Rising costs, low prices and foreign imports weigh heavily on farmers, who ask that legislators understand these and other impacts when considering new farm-related laws, Save Family Farming says.
“Our elected representatives are more and more elected by the growing urban populations and so getting farther away from farms and the critical issues we face,” said Larry Stap, of Lynden, president of Save Family Farming. “This letter is intended to encourage them to talk to us, learn about the realities of farming and consider the many negative consequences if they take action to cause the further loss of our family farms.”
The issue of labor is already on the table. The Washington Farm Bureau issued an alert on Jan. 18 that a bill will be considered that would “punish farmers” who use the guest worker program to help ease the severe shortage of farm workers. Save Family Farming says the federal H-2A program is very important to workers who depend on the pay they receive to support their families — pay that is 20 to 30 times more than what they can earn in foreign farm fields.
“We are rapidly losing out to foreign growers as our labor costs continue to rise far beyond theirs,” said Gerald Baron, executive director of Save Family Farming. “We just want our legislators to be aware of the harmful consequences of adding significant new burdens on our already stretched farmers. They need to see how unnecessary new costs and regulations harm workers and consumers as well as farmers.”
Pesticide legislation passed in the last session of the Legislature provides an example of why it is so important for legislators to talk to farmers and farm representatives. “They are not necessarily getting the straight facts from activists pushing this kind of legislation,” Baron said.
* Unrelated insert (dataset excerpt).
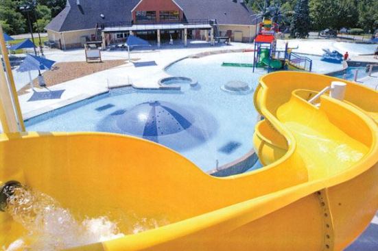Joyful squeals abound when the large bucket of water topples from the participatory play feature, essentially a multi-level interactive water play structure for children for climbing, crawling, operating valves and sprays, and just their size waterslides. Two giant waterslides keep bigger kids and even bigger adult “kids” climbing and plunging into the water for hours of cool entertainment fitness. Not to be outdone, a 1,300 sq. ft. wading pool includes an exotic waterfall backdrop. On the periphery, adults stretch out on Caribbean blue lounge chairs while parents help their little ones become acquainted with aquatics by using a zero point of entry into the pool for safety (also safe for populations requiring accessibility). The tot pool offers gentle spray features and a baby shark slide for Hazelwood’s tiniest guests.
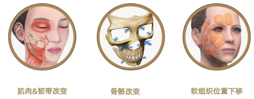 随着年龄的增大、重力的作用,韧带固定作用减弱,相应的皮肤及皮下组织就会出现移位。

Another major issue that farmers pinpoint relates to aquatic habitat. The Orca Task Force and Gov. Jay Inslee have asked for $1.1 billion to help save the Southern Resident killer whales and the chinook salmon they feed on.
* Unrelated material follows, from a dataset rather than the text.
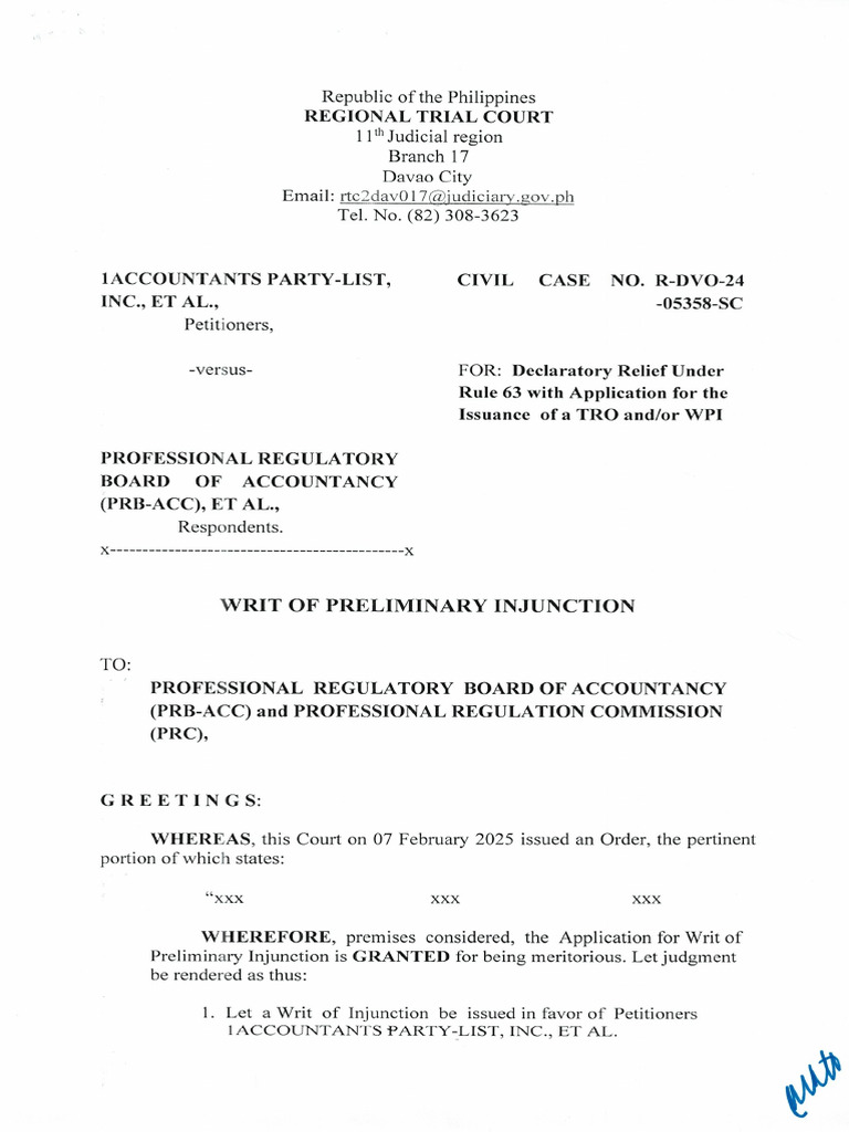 Writ of Preliminary Injunction Dated March 25, 2025 - 1APL | PDF

“We have many concerns about this plan and funding,” Baron said, pointing to a video and position paper Save Family Farming has developed that show current science does not support the direction proposed. “Some keep wanting to take more farmland for fish habitat, as they tried with the disastrous ‘What’s Upstream’ campaign,” Baron said, “but science shows habitat is not the critical issue. Farmers are already voluntarily doing perhaps more than anyone to protect and enhance habitat.”
The legislative appeal letter and detailed document are available on the Save Family Farming website at http://www.savefamilyfarming.org.
Save Family Farming was formed in early 2016 in response to the federally funded anti-farm lobbying campaign “What’s Upstream.” It addresses issues that affect the future of family farming in Washington state. Save Family Farming has as affiliates Whatcom Family Farmers, Skagit Family Farmers and the new Eastern Washington Family Farmers.